OBJECTIVES: Accurate diagnosis of neonatal seizures is critically important and is often made clinically, without EEG (electroencephalography) monitoring. This observational study aimed to determine the accuracy and interobserver reliability of healthcare professionals in distinguishing clinically manifested seizures from other neonatal movements, when presented with clinical histories and digital video recordings only.
METHODS: Twenty digital video recordings of paroxysmal movements in term and preterm infants were selected from a video-EEG database. The movements were categorized as seizure and nonseizure using EEG. Health care professionals (n = 137) from eight neonatal intensive care units (NICUs) were shown the video recordings with additional relevant clinical data, excluding EEG findings. The observers were asked to indicate which movements they considered to be seizure or nonseizure. A multirater Kappa statistic was used to assess agreement between observers and with the true diagnosis.
RESULTS: Twenty video clips (11 seizure, 9 nonseizure) were evaluated by 91 doctors and 46 other professionals. The average number of correctly identified events was 10/20. Clonic seizures were correctly identified most frequently (range 36.5-95.6% of observers). Subtle seizures were poorly identified (range 20.4-49.6% of observers). The interobserver agreement (Kappa) for doctors and other health care professionals was poor at 0.21 and 0.29, respectively. Agreement with the correct diagnosis was also poor at 0.09 for doctors and -0.02 for other healthcare professionals.

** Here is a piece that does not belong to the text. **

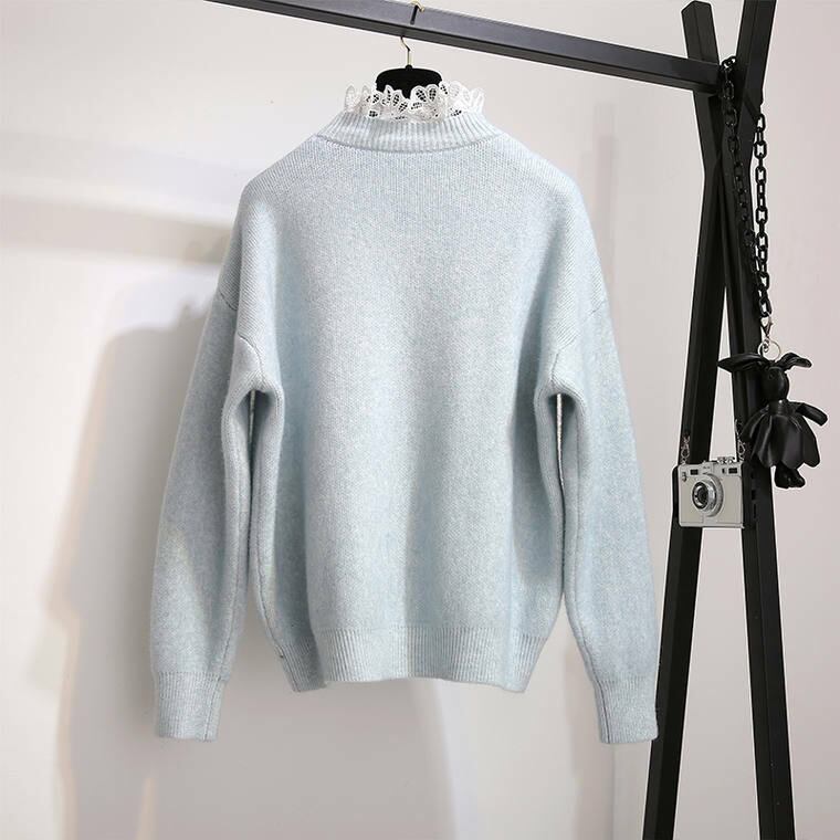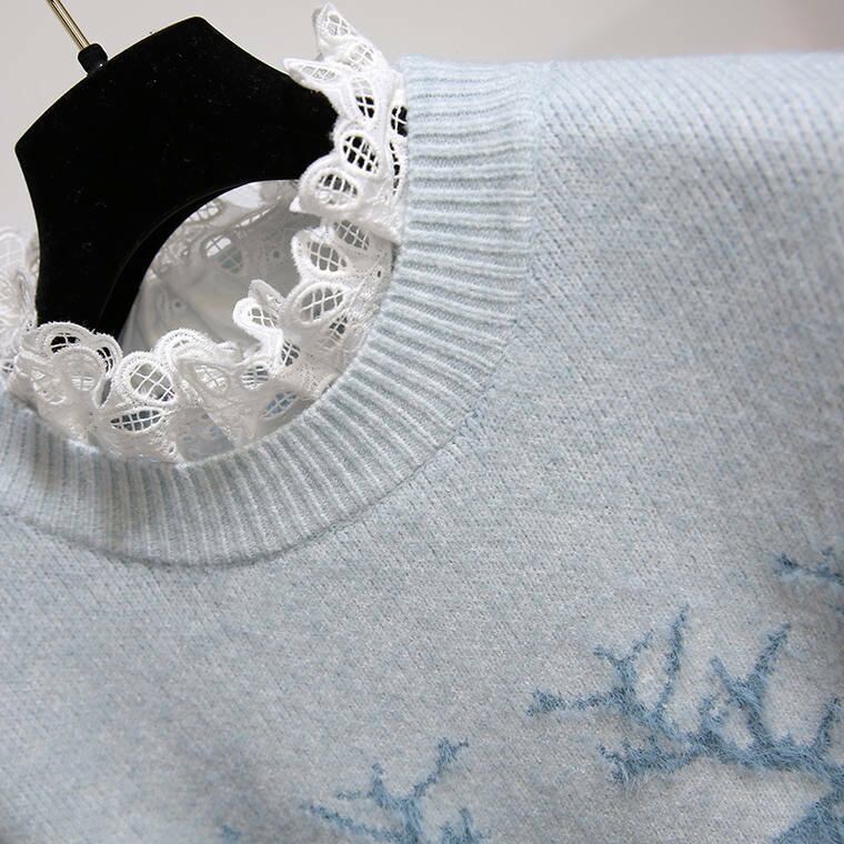 秋 冬 レディース トップス トレーナー ニット フリル レース ブルー ワンカラー ワンサイズ M トナカイ クリスマス イベント デート ニット YN-10-14 | dress_sugar_moon

DISCUSSION: It is often impossible to accurately differentiate between seizure-related and nonseizure movements in infants using clinical evaluation alone. In addition, doctors do not have a higher capacity for discriminating between neonatal paroxysmal events than other health care professionals. Until reliable continuous neurologic monitoring of newborn babies is available, it is likely that some babies with seizures will remain undetected and others with nonseizure movements will continue to be treated with potentially harmful anticonvulsants.